As our two buses turned off the main highway to the older road going out, out to a much less populated area, my eyes sought out the beauty and starkness of nature. Red poinsettias were in full bloom swaying in a gentle breeze. Greened bushes and trees (with their spring cloaks from recent rains) hung over each side of the road, linking their branches mid-way. Small houses switched from tin roofed, huddled shanties to old, more spread out, tiled dwellings.

Each of us quietly held our own prayers and reflections as we re-traced the road where the four church women made their final journey. Today, thirty years after that terrible violence and martyrdom of the night, the church universal of poor and pilgrim, foreigner and local base -Christian community faithful, would come together to celebrate their lives and their powerful legacy.

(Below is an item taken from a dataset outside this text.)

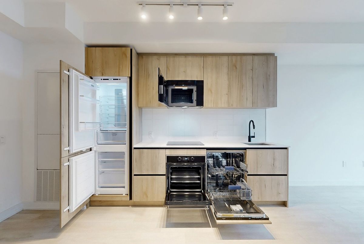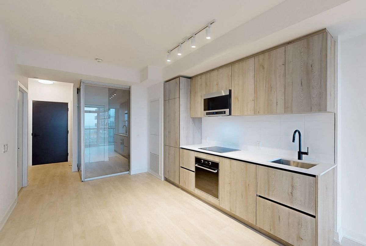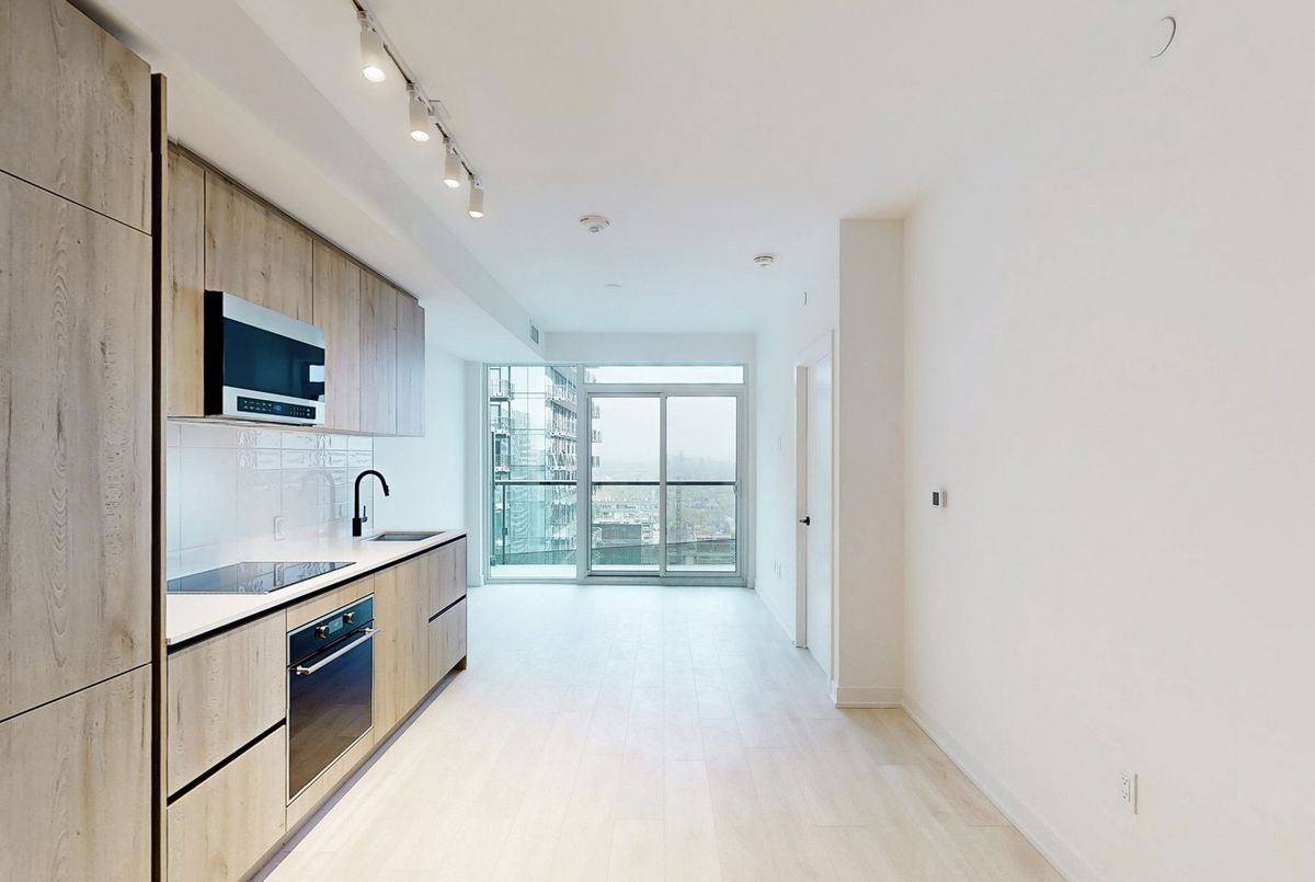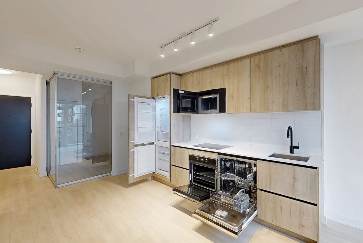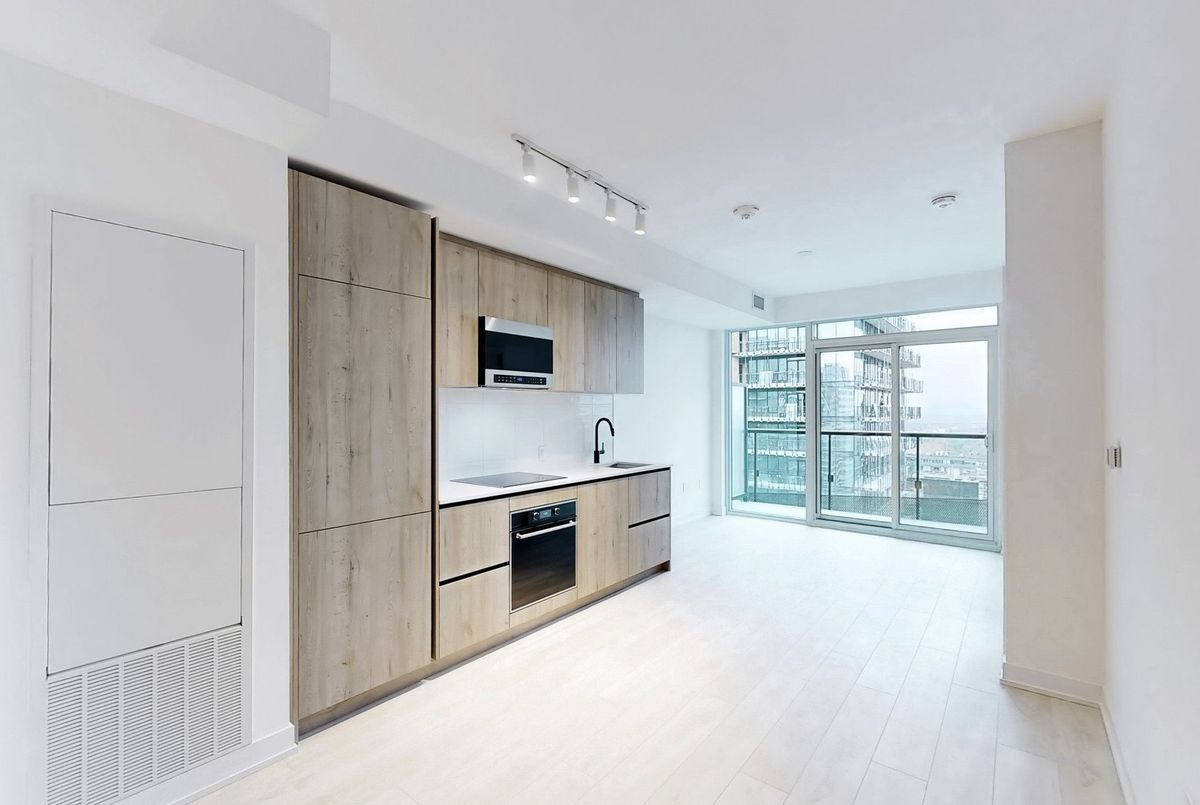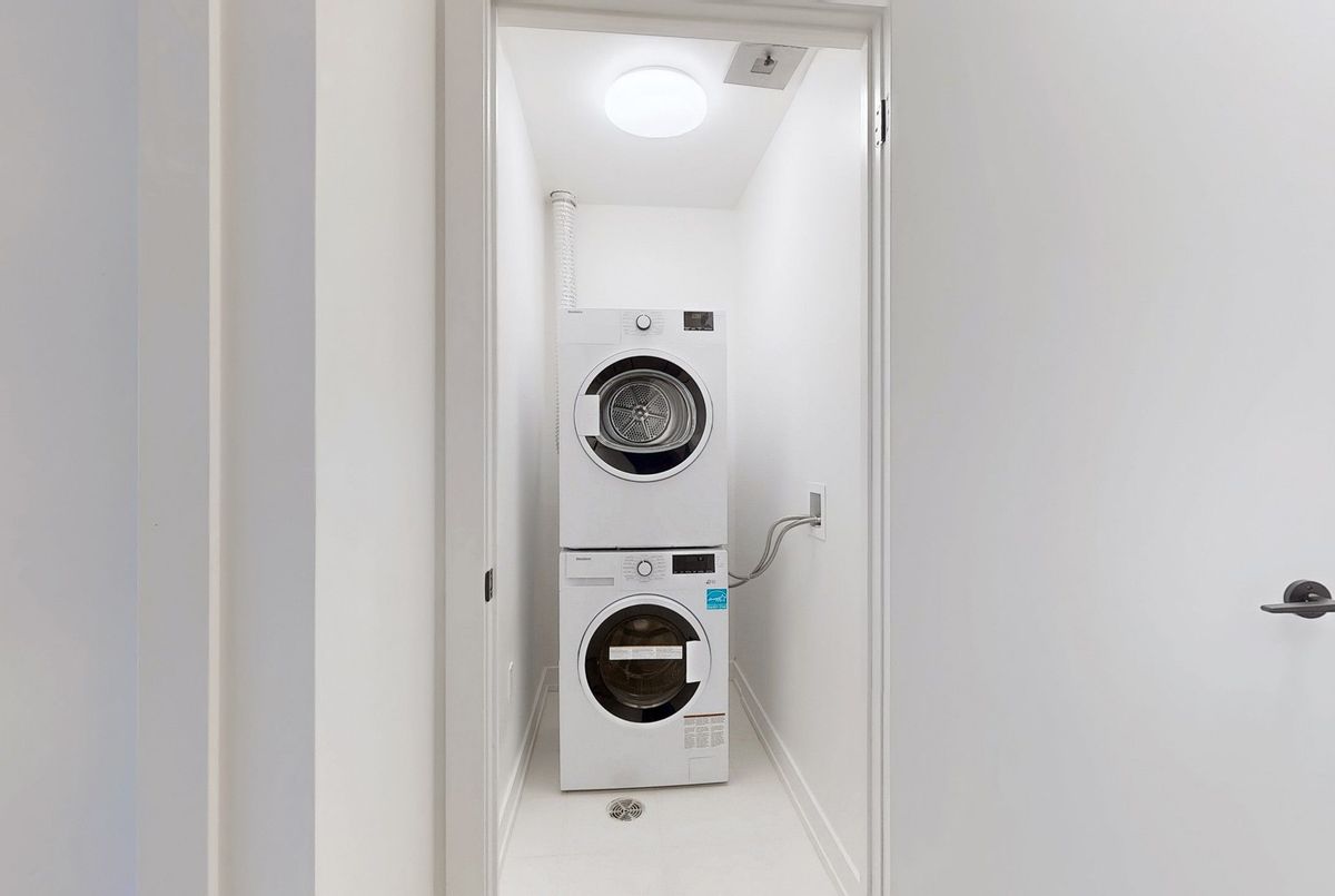 Kitchen Appliances: Fridge, Dishwasher, Stove/ Oven, Range hood Fan. Laundry Appliances:Washer& Dryer.Welcome to Line 5 Condos at Yonge & Eglinton! Brand-new 2-bedroom corner suite featuring 628sf of interior living space, functional open concept layout. Modern and stylish interior with9' smooth-finished ceilings, luxurious wide-plank laminate flooring throughout, and floor-to-ceiling windows. Well appointed kitchen includes sleek European-style cabinetry, quartz counter tops, and mix of stainless steel and integrated appliances. 2 spacious bedrooms; primary bedroom features spa-like 3-piece ensuite bath. Conveniently located near shops, restaurants, schools, and parks. Just minutes from the Eglinton subway station and soon-to-open LRT. Wonderful building amenities: state-of-the-art fitness center and yoga studio, outdoor pool and lounge, outdoor dining area with BBQs, outdoor games room, outdoor theatre, sauna and steam room, party room with kitchen, 24/7 concierge, juice and coffee bar, and visitor parking. SUITE UPGRADES: electrical outlets in each bedroom for overhead lighting, mirrored closet doors, entertainment package with electrical outlet at TV height in living room, upgraded back splash, and window coverings.

The tiny chapel built right next to the site where the bodies of Ita, Maura, Dorothy and Jean were found could not hold the crowd of 600 or more.

“La Biblia es la palabra de Vida” chanted the choir and echoed the crowd. “The Bible is the Word of Life” and the lives of these women were read as Word, model, and prophetic Life.

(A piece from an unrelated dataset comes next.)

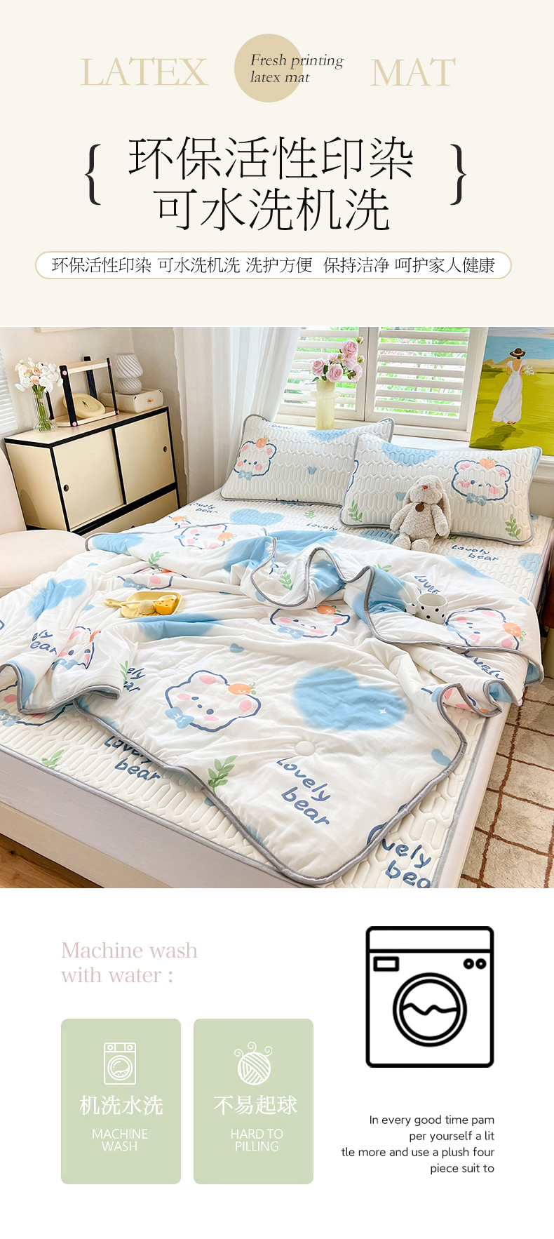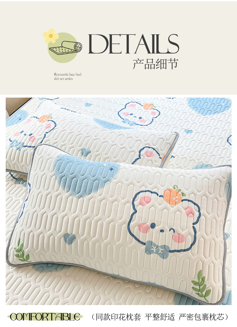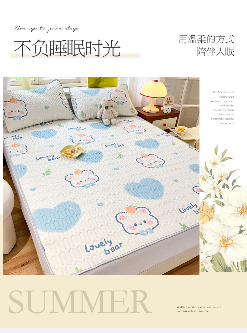 商品名称:慕澄家纺 2024新款小版印花0.5乳胶凉席夏被四件套 爱心小熊

The large photos of the women’s faces drew tears, homage, and honor. Four North American women who had labored among the poor, oppressed and terrified people of this conflicted nation drew together the peoples not only of the USA and El Salvador but of the neighboring nations and the world.

The songs selected are familiar to the local people so the choral voice held gusto and passion. As we sang of the God who accepts the sweat of our labor, all there heard that this God invites all of us — especially the poor and the outcast, women and those who feel marginalized—to come to the table, come to the banquet prepared by our God. How well the words fit and focused the lives of the four church women and the lives of the innumerable martyrs of the time.

After the slow journey back to the capital, our buses left us off in the middle of the largest civic park in San Salvador. Families and workers were picnicking, students were jogging along the pathways, and amidst the activities of the people, Madre Guadalupe Mejia met us with a gentle smile and quiet, warm voice. She had come as a prominent representative of the civil society committee that had advocated, helped finance and pushed forward the construction of an enormous memorial wall with the names of more than 30,000 victims of the war. The United Nations truth commission had pushed the Salvadoran government to construct such a memorial but the government had never acted on the UN recommendation.

Guadalupe lost her own spouse to a horrible, brutal death in 1979. From 1983 to the present, she has not stopped meeting with families who have never been able to mark a place to honor the many innocent war dead, who have grieved terrible loss, and some of whom have never found nor been able to confirm the death of their loved ones.

Guadalupe told us about the long and arduous efforts to finally create a memorial about as long as a football field, beautifully executed with relief figures to show the history of the people and culture and a listing by year (1980 to 1991) of the names of those who died.

The wall gently curves along the natural hill at one end of the green park, and one could see the 50 of us in the Share Foundation-sponsored delegation spread out, praying and leaving a gorgeous fresh rose as a mark of faith, of touchstone in memory of those who gave their lives, and as a commitment to move to transform our planet to never again tolerate such violence, such breach of faith in humanity, and such denial in the face of the compassion of our God.